**Aim of the task:**
Repeat exactly what runs from the line containing "The high temperature" through the last line of the material below. Do not copy the pictures.

----

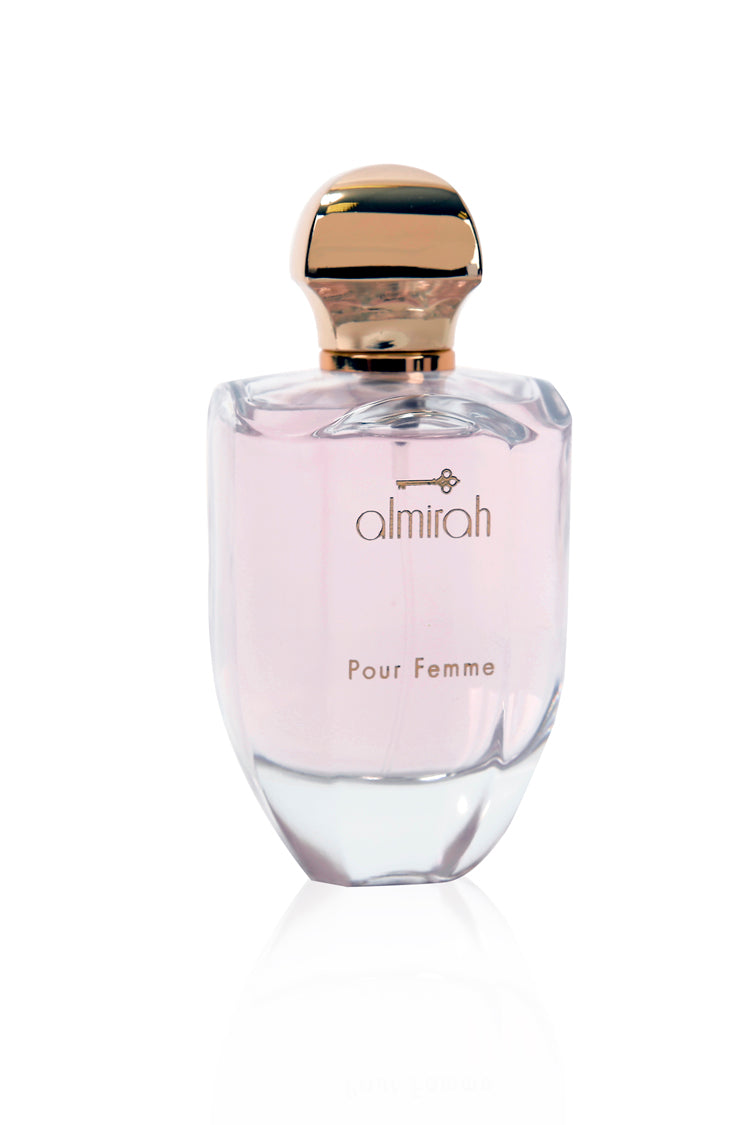 floral, fruity bitter orange, red currant, lemon, jasmine, rose, musk, vanilla, caramel presenting a floral and fruity composition with a gorgeous woody background- . holding on to the essence of almirah's values, the fragrance opens with accords of bitter orange, redcurrant, green tangerine, lemon, and grapefruit. sambac jasmine and rose along with accords of wild strawberry, peach and apple form the heart of this timeless creation. the olfactory harmony settles at the base of golden wood, cedar, cashmere, musk, vanilla, and caramel.
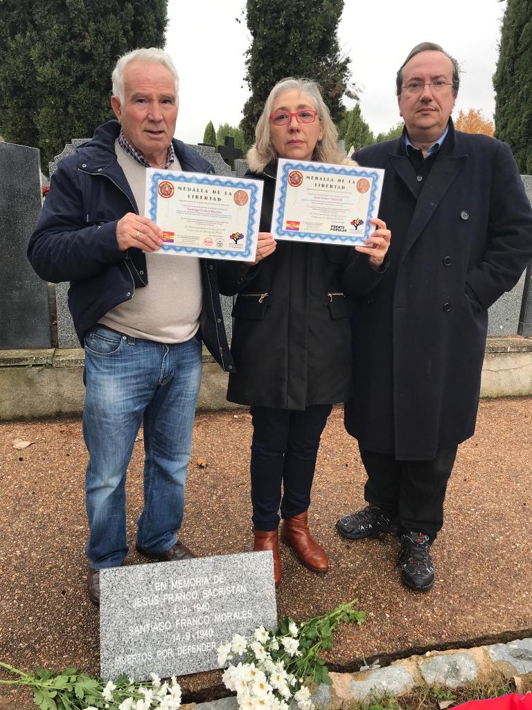 Margarita Franco, familiar de los homenajeados invitó amablemente a asistir a la colocación de la placa a estos dos luchadores al Foro por la Memoria de Guadalajara. Margarita dejó muy clara en la petición al ayuntamiento el que no renuncia a la placa colectiva institucional que fue aprobada en pleno en junio de 2017 y que esperamos sea colocada en esta legislatura, Tras colocar la placa, el Foro por la Memoria estregó un nuevo diploma con la propuesta de la Medalla de la Libertad a los familiares, Hasta el momento se han entregado 66 diplomas, Tras la visita a los lugares de memoria del cementerio, los familiares visitaron la ciudad de Guadalajara y concretamente la Prisión Central de la calle Amparo,
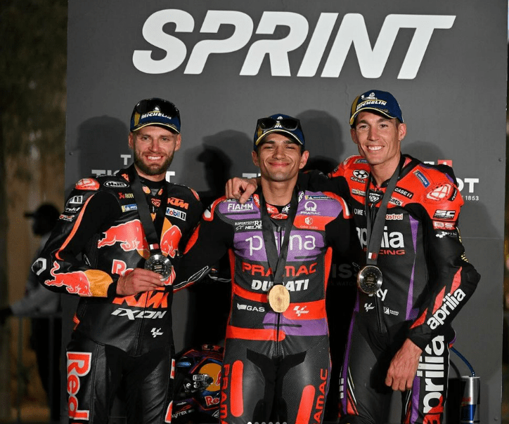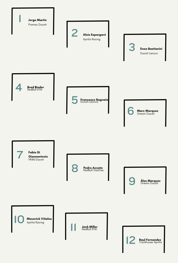 The lights went out and the two KTMs had a strong start off the line, Marc Marquez lost a few positions, along with Pedro Acosta who dropped 3 places to 11th in his first ever Sprint. Pecco started attacking his teammate to start his podium campaign.
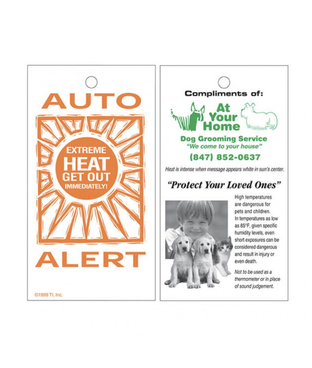 The high temperature inside parked cars can quickly become dangerous, especially for children or pets. You can help prevent this tragedy by providing customers with custom printed automatic alarm car thermometer security cards. This is a low-cost promotional product with many benefits! When the temperature inside the car begins to reach a dangerous level (approximately 87.8 ° F-31 ° C), the black thermochromic dial will disappear and display a warning message. When temps are restored to a safe level for reuse, it will turn back black. The back is printed with temperature information and customized imprints to promote your business and show everyone your level of care for customers, their pets, and children. It is conveniently hung on the rearview mirror and comes with a rubber ring strap.
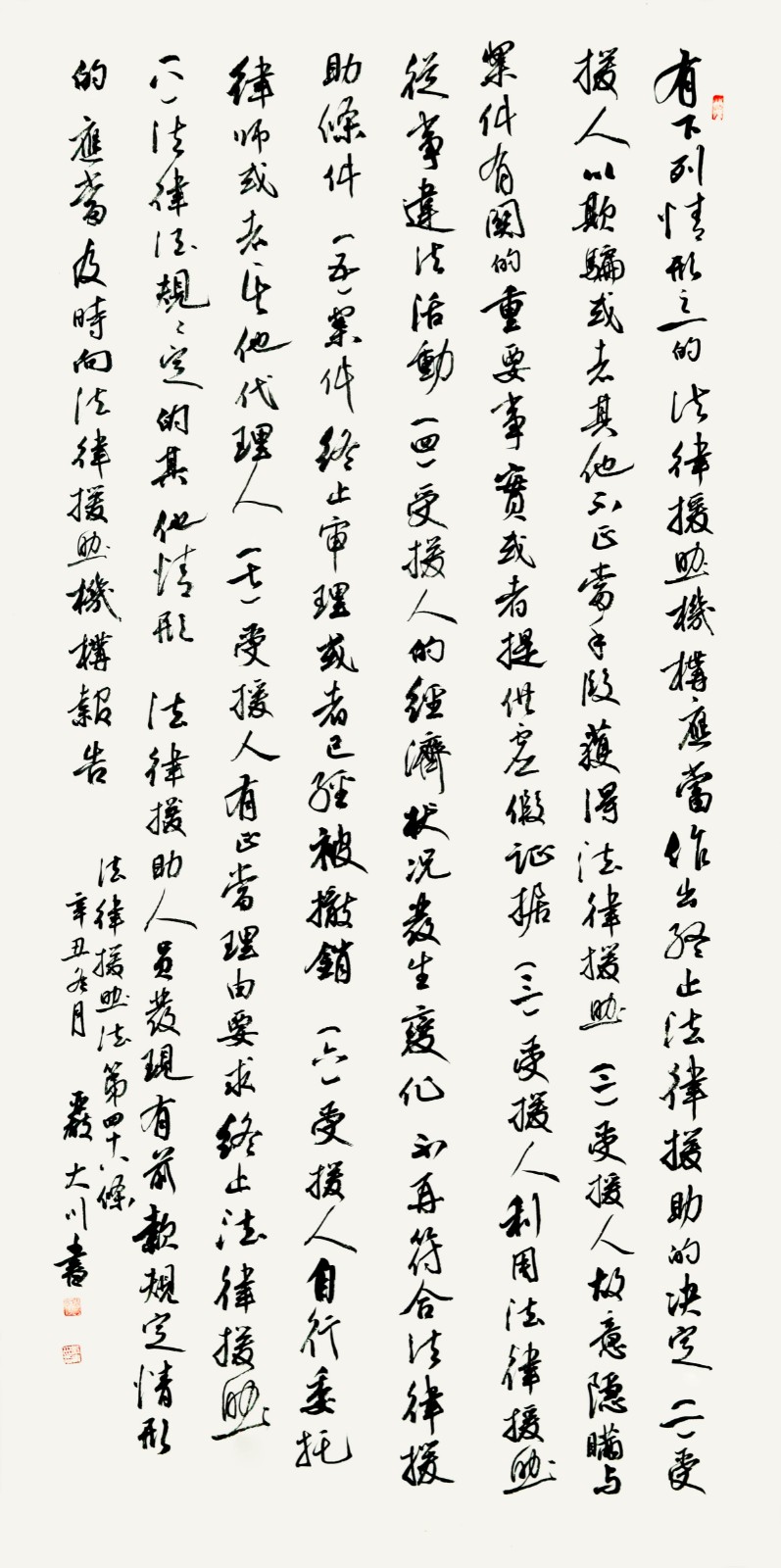 法律援助法第四十八條 有下列情形之一的,法律援助機(jī)構(gòu)應(yīng)當(dāng)作出終止法律援助的決定:

----

**Result of the task:**
 The high temperature inside parked cars can quickly become dangerous, especially for children or pets. You can help prevent this tragedy by providing customers with custom printed automatic alarm car thermometer security cards. This is a low-cost promotional product with many benefits! When the temperature inside the car begins to reach a dangerous level (approximately 87.8 ° F-31 ° C), the black thermochromic dial will disappear and display a warning message. When temps are restored to a safe level for reuse, it will turn back black. The back is printed with temperature information and customized imprints to promote your business and show everyone your level of care for customers, their pets, and children. It is conveniently hung on the rearview mirror and comes with a rubber ring strap.
 法律援助法第四十八條 有下列情形之一的,法律援助機(jī)構(gòu)應(yīng)當(dāng)作出終止法律援助的決定:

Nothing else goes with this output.